**What the task requires**
Starting at the line that contains "Муниципальное бюджетное общеобразовательное", write out each line exactly through the last one in the material below, and nothing more; omit all pictures.

*** Raw data Section Begins ***

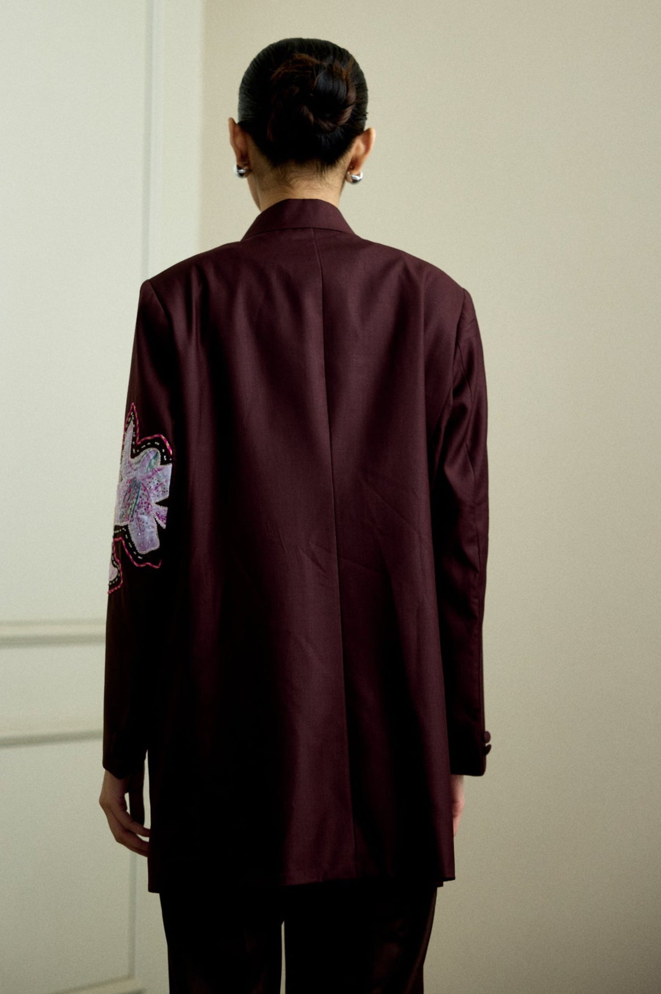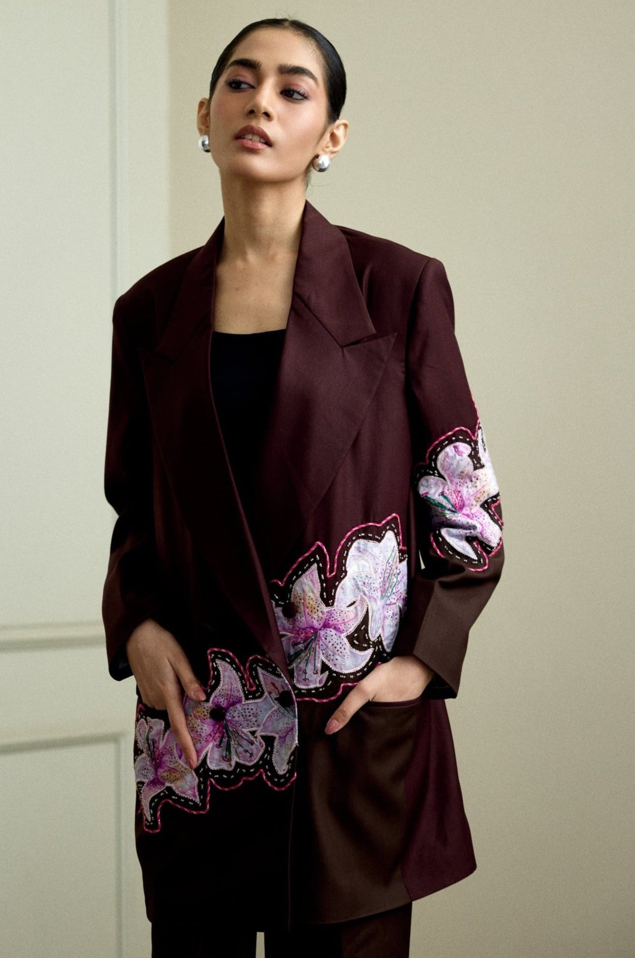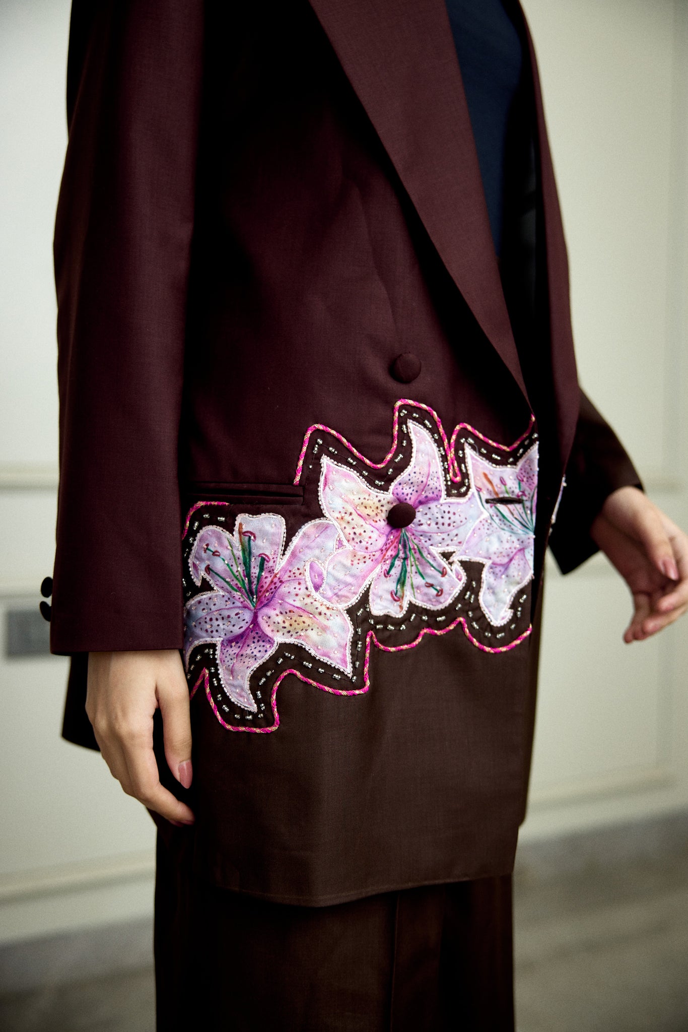 Elevate your wardrobe with the Orya Blazer Set, featuring a rich brown blazer adorned with exquisite floral Lily hand embroidery and delicate painted details. This sophisticated ensemble combines timeless elegance with artisanal craftsmanship, perfect for making a confident statement at any occasion.
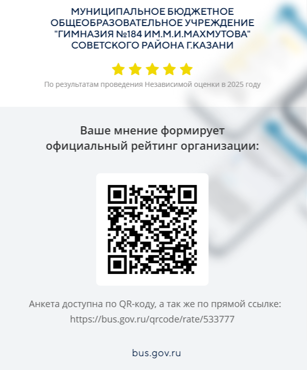 Муниципальное бюджетное общеобразовательное учреждение «Гимназия №184 им.М.И.Махмутова» Советского района г.Казани
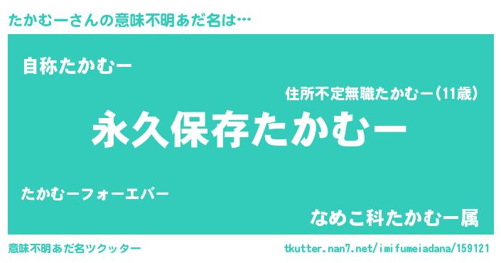 | 男性向けラノベタイトル風あだ名 | 『たかむーという概念が存在しない退屈な世界 』 |

*** Raw data Section Ends ***

**Exercise solution**
 Муниципальное бюджетное общеобразовательное учреждение «Гимназия №184 им.М.И.Махмутова» Советского района г.Казани
 | 男性向けラノベタイトル風あだ名 | 『たかむーという概念が存在しない退屈な世界 』 |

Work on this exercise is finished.